When you compare the last 18 years as Bernstein did, the average includes 1998-2000, dramatically understating how crowded owning tech is today. It means there were three years out of 18 in which tech was the most expensive any S&P 500 sector has been in 70 years. These facts make the 59 percentile ranking ex-Amazon look heavily understated. Compared to the last 15 years, tech is at the very high end of popularity. With Amazon and Netflix included, it would put tech well above the 90th percentile, based on our analysis. This time growth buyers were joined by income-chasing dividend stock investors who have “piled in” on generous dividends coming from staple, utility, telecom and tech companies. We advise the buyers of historically expensive common stocks to beware! Today, these sectors are being piled into by passive index investors (automatically by capitalization) and Exchange-Traded-Funds (ETFs), which are emphasizing the currently hot and over-crowded dot. Can you hear the rhyme?

For other reasons, we must be extremely careful with energy investments. In the majority of the last 18 years, energy companies had one of their best runs in history. Therefore, its percentile ranking is a bit deceptive because they were one of the darlings during the China Boom of 2004 to 2014. This isn’t very difficult for us to deal with due to their weakened balance sheets and negative free cash flow numbers. None of the integrated oil companies or the exploration and production companies even vaguely fit our qualitative criteria for stock selection.

Lastly, among the anomalies, the last 18 years included deeply out-of-favor periods for financials from 1998-2000, 2007-2012 and the last year. As you know, we believe they have effectively become a political and investing cuss word. This means financials are in the 25th percentile as compared to a really terrible 18 years of existence!

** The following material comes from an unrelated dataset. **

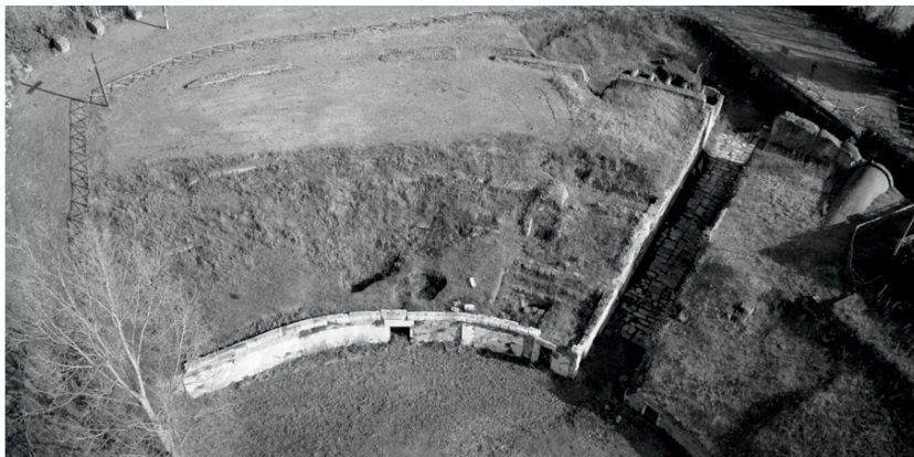
Fig. 2 - L'anfiteatro laterizio di Nola, 2018 (fotografia antecedente agli ultimi lavori di scavo compiuti dalla Soprintendenza Archeologia, Belle Arti e Paesaggio per l'Area Metropolitana di Napoli).

K.J. Beloch, Campanien, Breslau 1890. Beloch highlights in red the archaeological presences, locating on the plan the remains of the brick amphitheatre, the Temple of Augustus, and the marble theatre along the same diagonal axis identified by Ambrogio Leone in his engraving Nola Vetus.

Besides examining the anomalies, we need to examine our existing holdings to see if we own anything manically priced in the more popular sectors which investors have “piled” into. We own Johnson and Johnson (JNJ) and Walgreen’s (WBA), which have historically traded with the consumer staple sector of the index. Both trade at a sizable discount to the consumer staples category on a price-to-earnings (P/E) ratio basis and trade more in sympathy with the healthcare sector (where JNJ resides) and with the consumer discretionary sector in the case of WBA. We will watch them vigilantly.

We must double our efforts to find and hold companies which fit our eight criteria for common stock ownership and are in great disfavor from a long-duration standpoint. Among financials, American Express (AXP) has some problems in the aftermath of divorcing Costco (COST), but it has one of the premier balance sheets, credit card businesses and free cash flow in the S&P 500 Index. It trades at a big discount to the index, its peers and to where it has traded in much higher interest rate environments over the last 18 years.

The article and chart continues to make us drool over the shares of Berkshire Hathaway (BRKB). Buffett has it loaded with financials like Bank of America (BAC), Wells Fargo (WFC), Amex and GEICO. Buffett also owns industrial companies like Burlington Northern Santa Fe, Precision Castparts and Marmon Group. It looks like a marvelous way to bargain hunt in the most out-of-favor sectors. Berkshire is under-owned and very contrary at 1.3 times book value.

In conclusion, this chart and our analysis makes us feel very good about the future performance of our portfolio relative to the S&P 500 Index or other passive large-cap vehicles. A massive part of the total capitalization of the S&P sits in the spendy consumer staples and glamour technology stocks, making it rhyme with 1999. Other active managers are very committed to them as compared to the last 18 years. On the other hand, we are heavily over-weighted financials (30%) and consumer discretionary shares (32.5%), which are under-owned by active managers when AMZN and NFLX are excluded. We believe as the rhyme plays out, there is very little chance of investors piling out of under-owned holdings which meet our eight criteria for stock selection.

William Smead is CEO and chief investment officer at Smead Capital Management.